* _PROBLEM DETAILS_
Reproduce the data below exactly. Skip the pictures.

* _COLLECTED DATA_
Segment Open

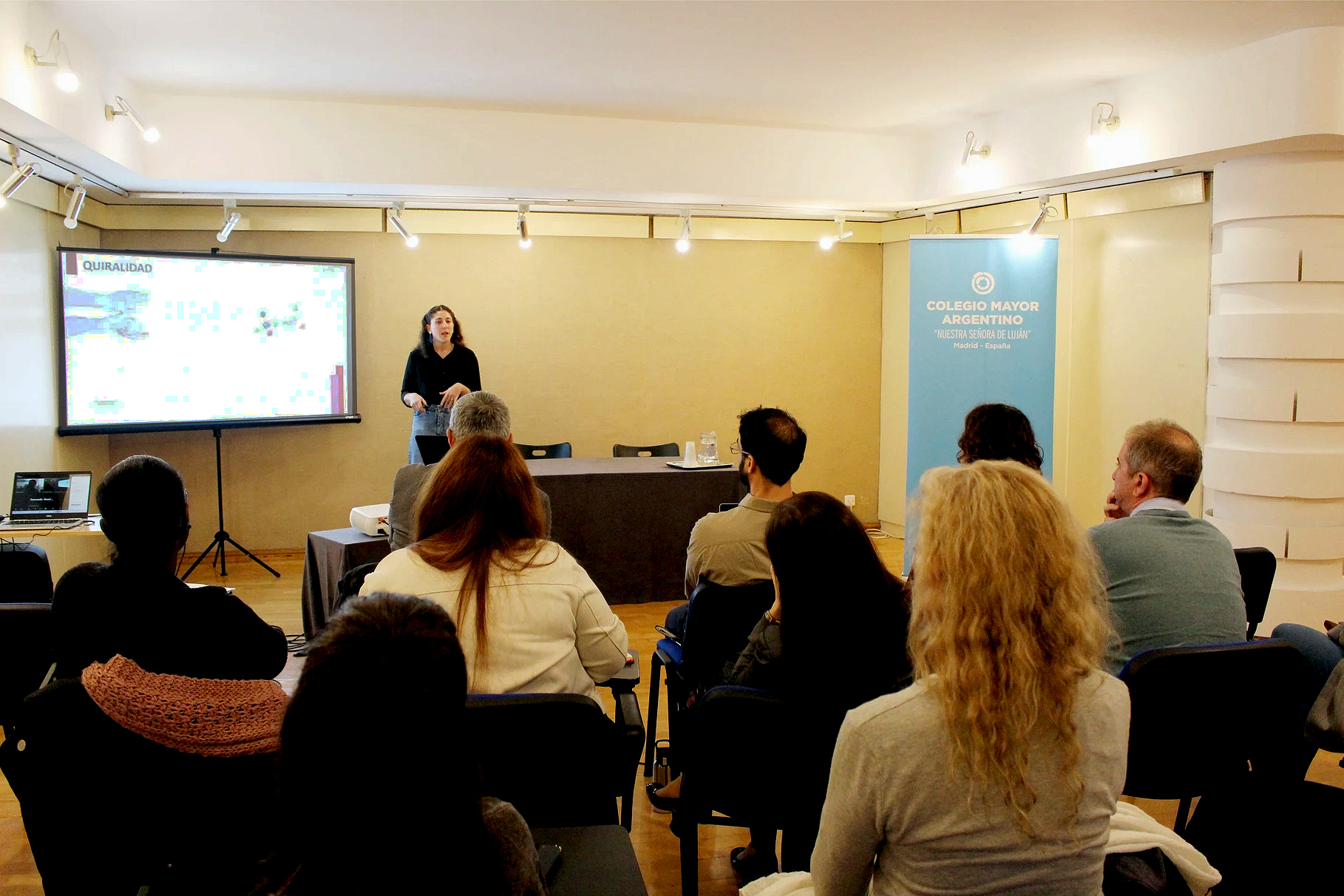 El acto comenzó con un saludo de bienvenida a cargo de la Secretaría de Educación de Argentina, seguido de la intervención de la directora del Colegio Mayor Argentino, Eva Carrasco Bañuelos, junto al responsable de Doctorado y Movilidad de la Fundación Carolina, Juan Torres.
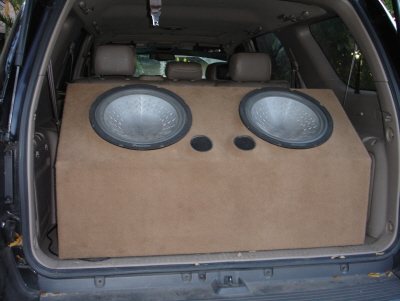 stock with 2 pioneer 15's, 400 watt pti, 6 dusc changer, dvd player, headrest tv
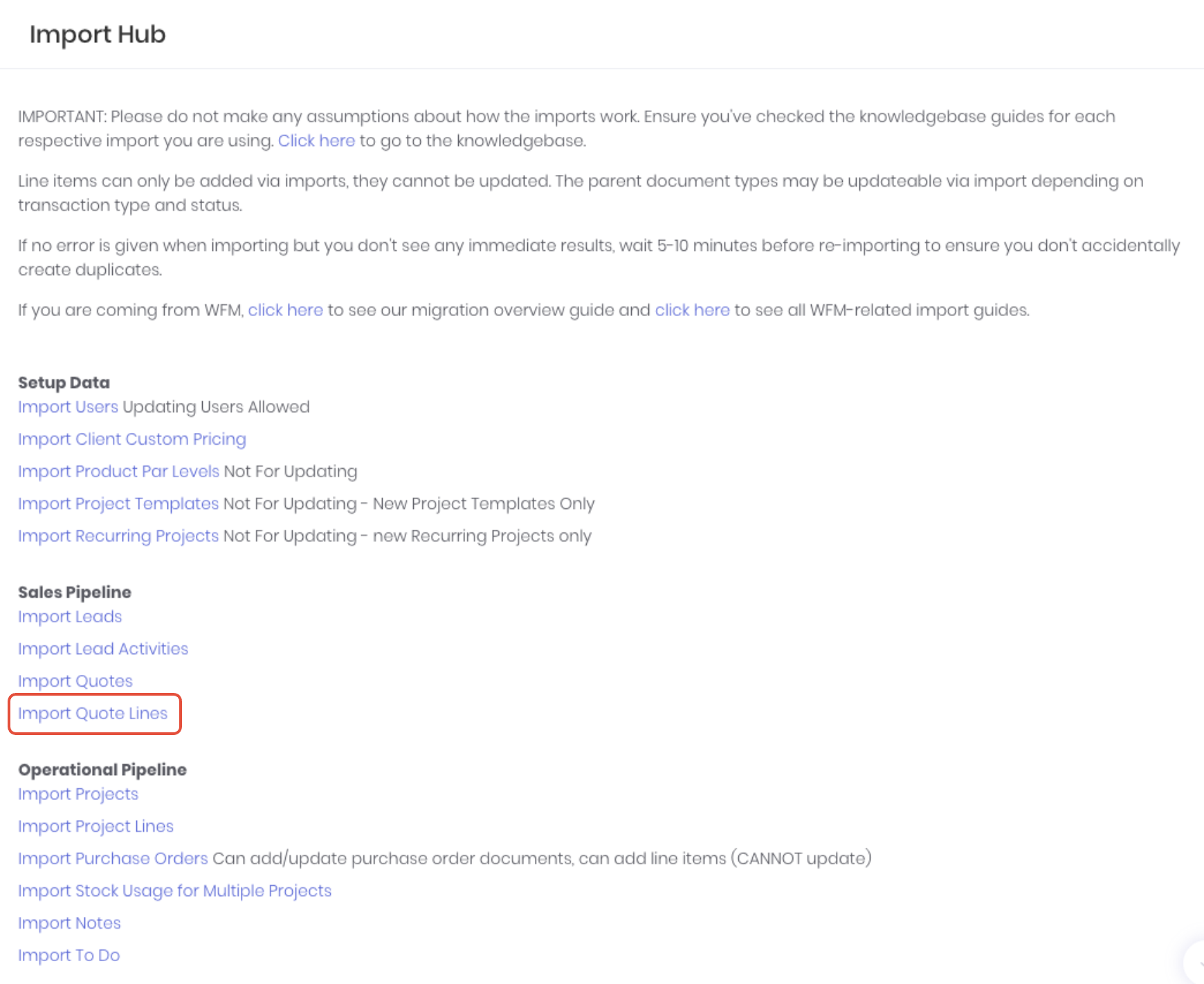 Quote lines allow you to populate existing quotes with task and product lines in bulk via a csv import template. You can upload lines to multiple quotes in the one quote line import. The import template can be uploaded on the Import Hub (Administration -> Imports).

Segment Closed

* _ANSWER SPACE_
 El acto comenzó con un saludo de bienvenida a cargo de la Secretaría de Educación de Argentina, seguido de la intervención de la directora del Colegio Mayor Argentino, Eva Carrasco Bañuelos, junto al responsable de Doctorado y Movilidad de la Fundación Carolina, Juan Torres.
 stock with 2 pioneer 15's, 400 watt pti, 6 dusc changer, dvd player, headrest tv
 Quote lines allow you to populate existing quotes with task and product lines in bulk via a csv import template. You can upload lines to multiple quotes in the one quote line import. The import template can be uploaded on the Import Hub (Administration -> Imports).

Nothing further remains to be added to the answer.